You want to use additional features that OrderedDict offers. For example, it can be reversed. If you try to run reversed() function on a standard dictionary, you will get an error, but OrderedDict will nicely return a reversed version of itself.
You actually care about the ordering when comparing dictionaries. As pointed out by Ned Batchelder in his "Ordered dict surprises" article, when you compare two dictionaries with the same items, but in a different order, Python reports them as equal. But if you compare two OrderedDict objects with the same items in a different order, they are not equal. See this example:
```
>>> d1 = {'a':1, 'b':2}
>>> d2 = {'b':2, 'a':1}
>>> d1 == d2
True

>>> ord_d1 = OrderedDict(a=1, b=2)
>>> ord_d2 = OrderedDict(b=2, a=1)
>>> ord_d1 == ord_d2
False
```

How to stay up to date on Python changes?

If you are using one of the latest versions of Python, dictionaries are ordered by default.
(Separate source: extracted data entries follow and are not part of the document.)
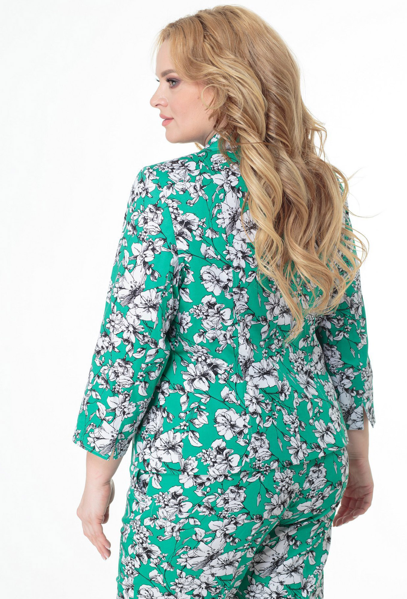 Длина жакета по спинке 59 см, длина рукава 50 см. Длина брюк от талии по боковому шву 90 см.белые цветы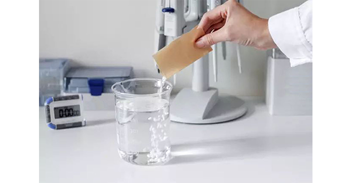 用多道移液器吸取西瓜汁,打入氯化鈣溶液中,靜置1min。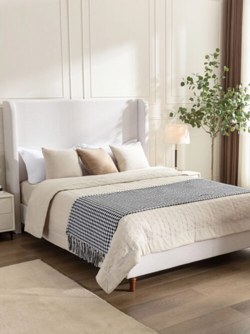 Noble House Hayden Queen Upholstered Bed Frame, 54″ Tall Chenille Headboard with Curved Wingback, Ivory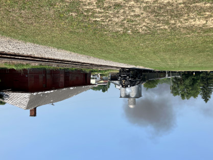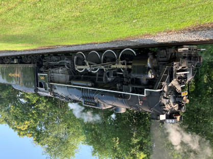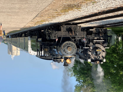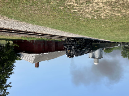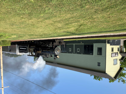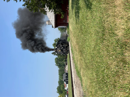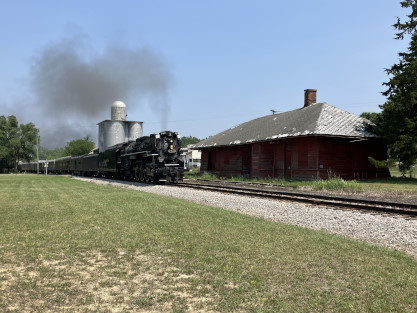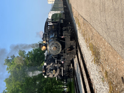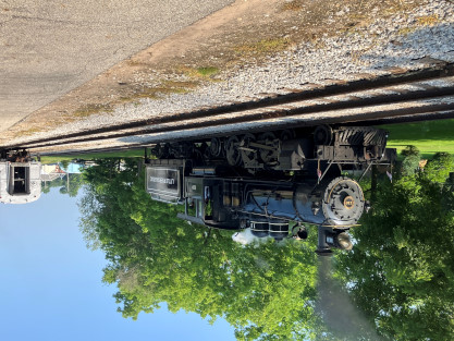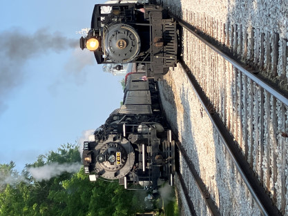 The two steam engines starting to move so they could switch, thereby allowing 765 to couple onto our train and leaving 110 in Quincy to return to Coldwater.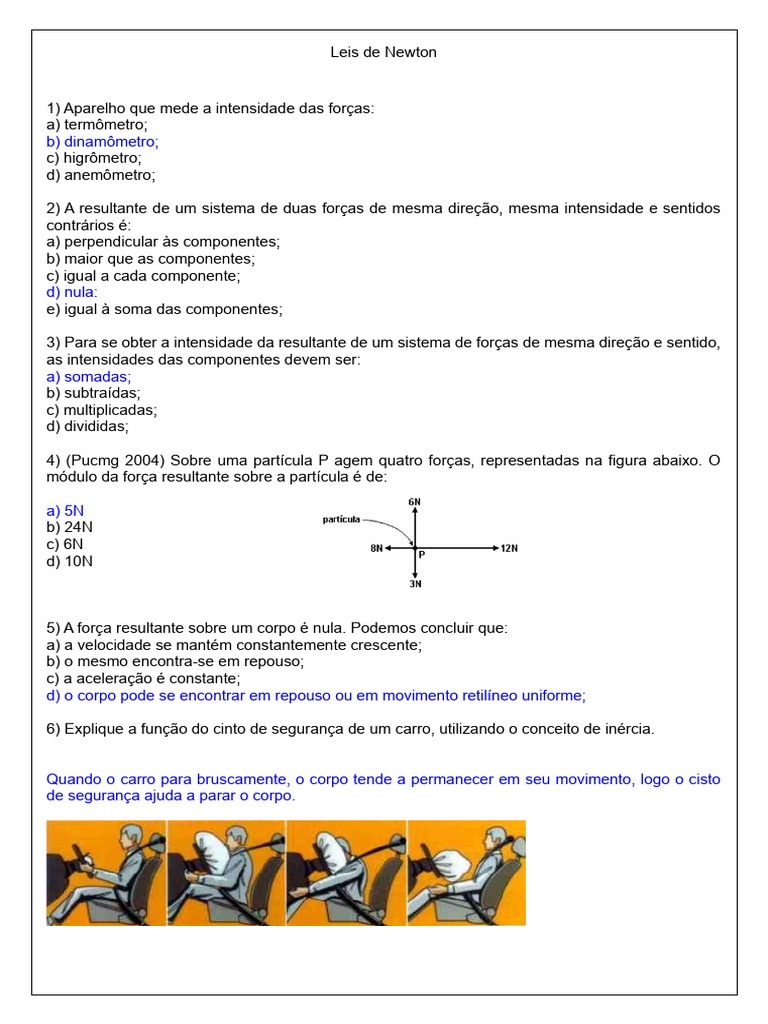 6) Explique a função do cinto de segurança de um carro, utilizando o conceito de inércia.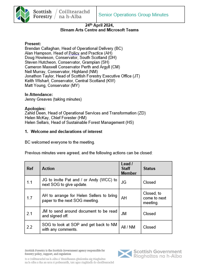 Scottish Forestry Senior Operations Group (SOG) notes for 24 April 2024.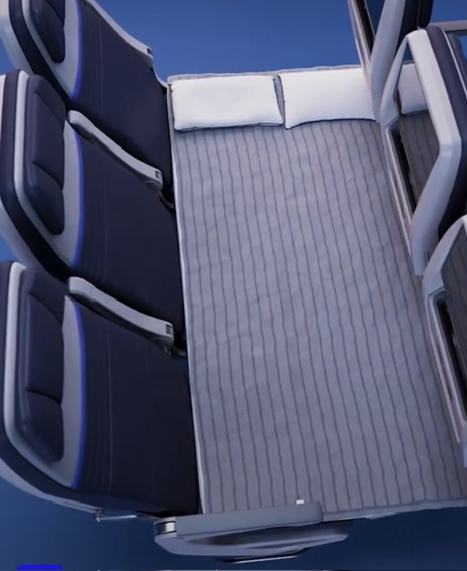 United Airlines, dopo tanti anni sposa l’idea che introdusse anni fa’ Air New Zealand con SkyCouch. Anche in economica sul Nord Atlantico e non solo, si potrà dormire. Si chiama United Relax Row! Ma non é tutto!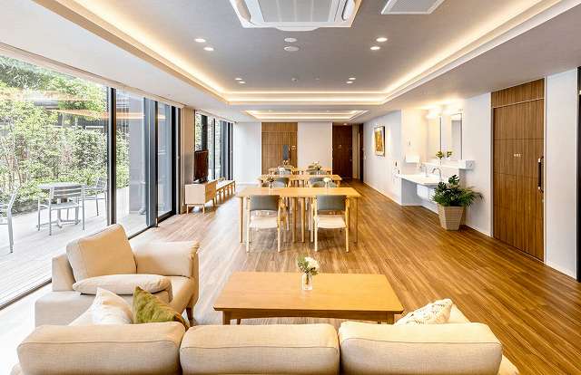 | 共有設備 | テラス、ロビー、フロント、ウッドデッキ、エレベーター、ナースコール、スタッフルーム、一般浴室、健康管理・相談室、共用トイレ、厨房室、囲碁、寝台用エレベーター、将棋、屋上施設、放送設備、機械浴室、汚物処理室、洗濯室、玄関ホール、理美容室、異常監視システム、バイク置き場、自販機、車椅子用トイレ、避難設備、防災設備、風除室、食品庫、ダイニングルーム(食堂)、駐車場、駐輪場 |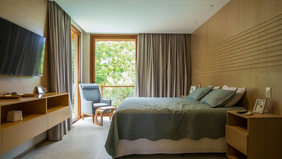 - Suíte 003 (Master): Cama King Size, criado mudo, armários, poltrona, TV LED 50 pol, closet.

But it's easy to miss changes like this, especially if you upgrade Python version by a few releases at once, and you don't read the release notes carefully. I usually read some blog posts when there is a new version of Python coming out (there are plenty of blog posts around that time), so I catch the essential updates.

The best source of information is the official documentation. Unlike a lot of documentation that I have seen in my life, the "What's New in Python 3" page is written in a very approachable language. It's easy to read and grasp the most significant changes. If you haven't done it yet, go check it out. I reread it a few days ago, and I was surprised how many features I forgot about!